DFG Talk over Urban Mining

Wat als we grondstoffen niet te ver gaan zoeken maar kijken naar hetgeen al onder of boven de grond zit in een straal van een aantal kilometer rondom ons? Urban Mining is ondertussen een populaire term wanneer er wordt gesproken over circulariteit. En terecht. Want dat we het inderdaad niet al te ver moeten zoeken, bewezen vier experts op de vijfde festivaldag tijdens hun DFG Talk over Urban Mining.

Stoelen met statiegeld

De eerste spreker van de avond was Ineke Hans, Nederlandse ontwerper en professor Design & Social Context op de University of the Arts in Berlijn. Haar betoog startte ze met de vraag: Hoe gaan we om met minder in de plaats van meer? Hoe wij objecten gebruiken is fel veranderd doorheen de jaren. We zijn vertrokken van eiken tafels die van generatie tot generatie werden doorgegeven tot vluchtige ontwerpen die na beschadiging op het containerpark belanden. “Hoe kunnen we overproductie aanpakken en hoe gaan we om met het gebrek aan ruimte? Alles wordt kleiner én duurder. De tafel waaraan je in de ochtend ontbijt is ook de tafel waarop je later die dag je laptop openslaat.” Zo’n 10 jaar geleden werd er maar 7% van de kunststoffen gerecycleerd. Vandaag is dat 19%. Dat kan en moet dus meer zijn volgens Ineke Hans.

Vanuit deze problematiek ontwierp en bedacht ze in 2011 REX, de eerste statiegeldstoel in Nederland. Met steun van Circuform werd haar ontwerp echt circulair: ze zocht naar een aangepast ontwerp, productiemethode en gerecycled nylon van onder andere kantoorstoelen, visnetten en tapijten. Ondertussen bestaan er inleverlocaties voor REX over heel Nederland waar de stoel kan worden teruggebracht of omgeruild wanneer hij beschadigd is.

We hebben een generatie jonge mensen die niet geïnteresseerd zijn in het hebben van producten, maar in ervaringen.
— Ineke Hans

Geen vuiltje aan de lucht met SerVies

De volgende spreker vertrok vanuit een iets minder tastbare grondstof.

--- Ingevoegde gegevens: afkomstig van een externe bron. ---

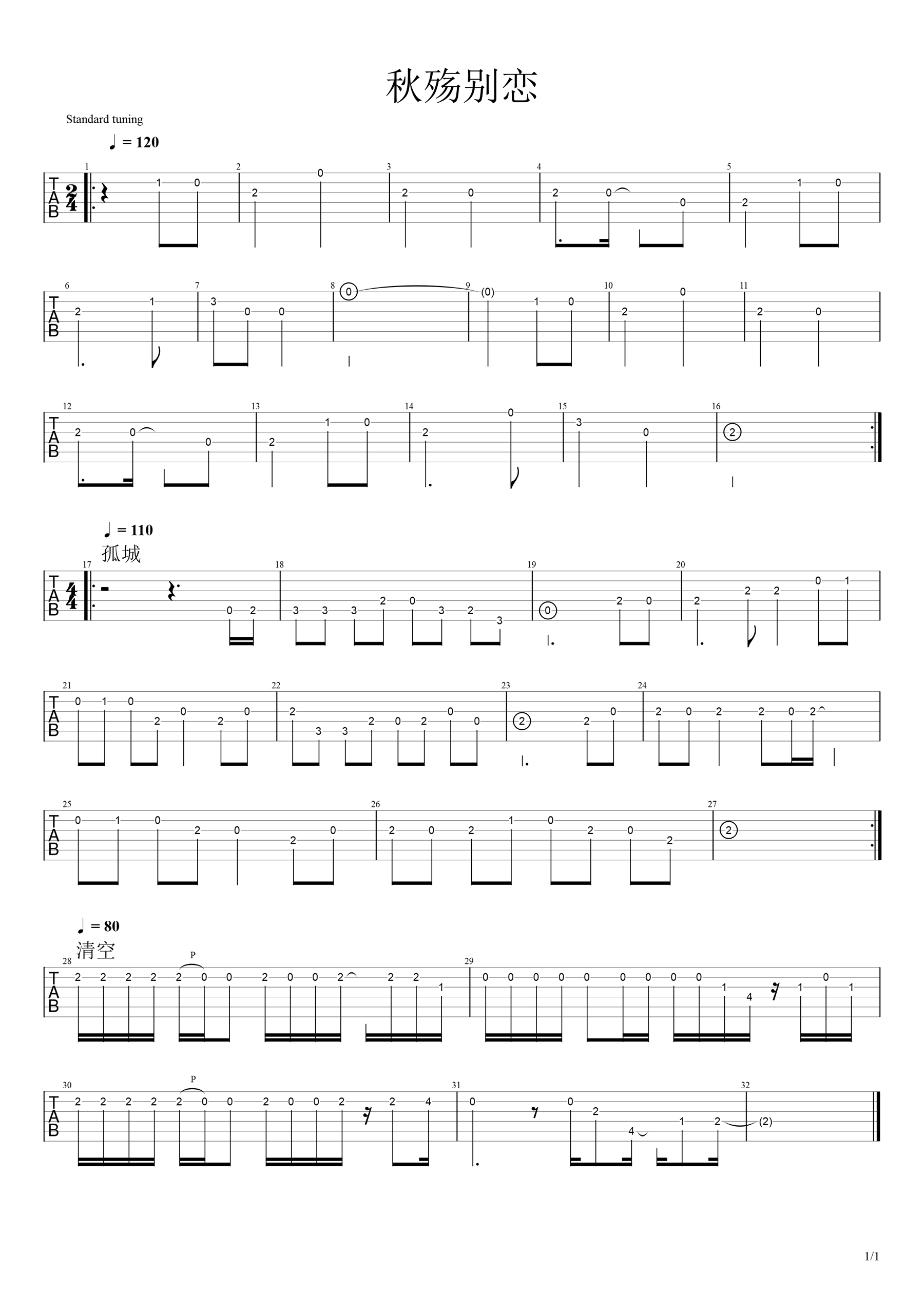秋殇别恋/孤城/清空吉他谱 - C调吉他独奏谱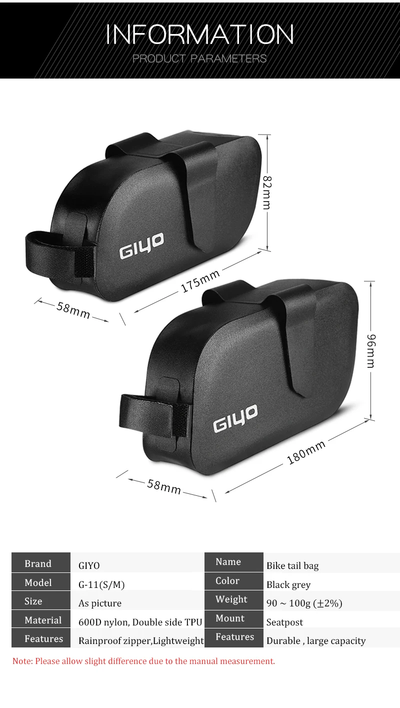 [Информация] Модель: G-11 Вес: около 90-100 г Размер: S / L Цвет: черный Материал: нейлон 600D, двустороннее водонепроницаемое покрытие из ТПУ; Применение: Горный, дорожный велосипед... почти для всех велосипедов. [Характеристики] 1. Защита от дождя для всей сумки включает молнию; 2. Прочный материал и легкий вес; 3. Большая емкость для повседневной необходимости; 4. Хороший дизайн, подходит для большинства велосипедов.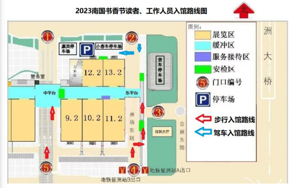 读者乘坐地铁、公交车、的士等交通工具到达中国进出口商品交易会展馆(地铁可从8号线琶洲站A、B口出入、公交到达琶洲公交站),通过4号门进入,按指引通过东平台进行检票、安检,方可进入会场,该入口靠近13.2号馆。

Met haar project SerVies ging designer Annemarie Piscaer samen met Iris de Kievith aan de slag met fijn stof. Geen textiel, wel hetgeen we dagelijks inademen. U, wij en de overgrote meerderheid van de bevolking worden blootgesteld aan té hoge concentraties fijn stof. Hoewel de luchtkwaliteit in België de afgelopen jaren licht verbeterde, ademenen we ongemerkt roet, stikstofoxiden en andere verontreinigende stoffen in.

Ze vonden een manier om fijn stof te oogsten en te gebruiken als glazuur voor keramiek. Hun nieuw servies draagt de naam SerVies en maakt ons bewust van de luchtvervuiling. Het fijn stof bepaalt namelijk de kleur van het servies waardoor de luchtkwaliteit niet alleen zichtbaar, maar zelfs tastbaar wordt.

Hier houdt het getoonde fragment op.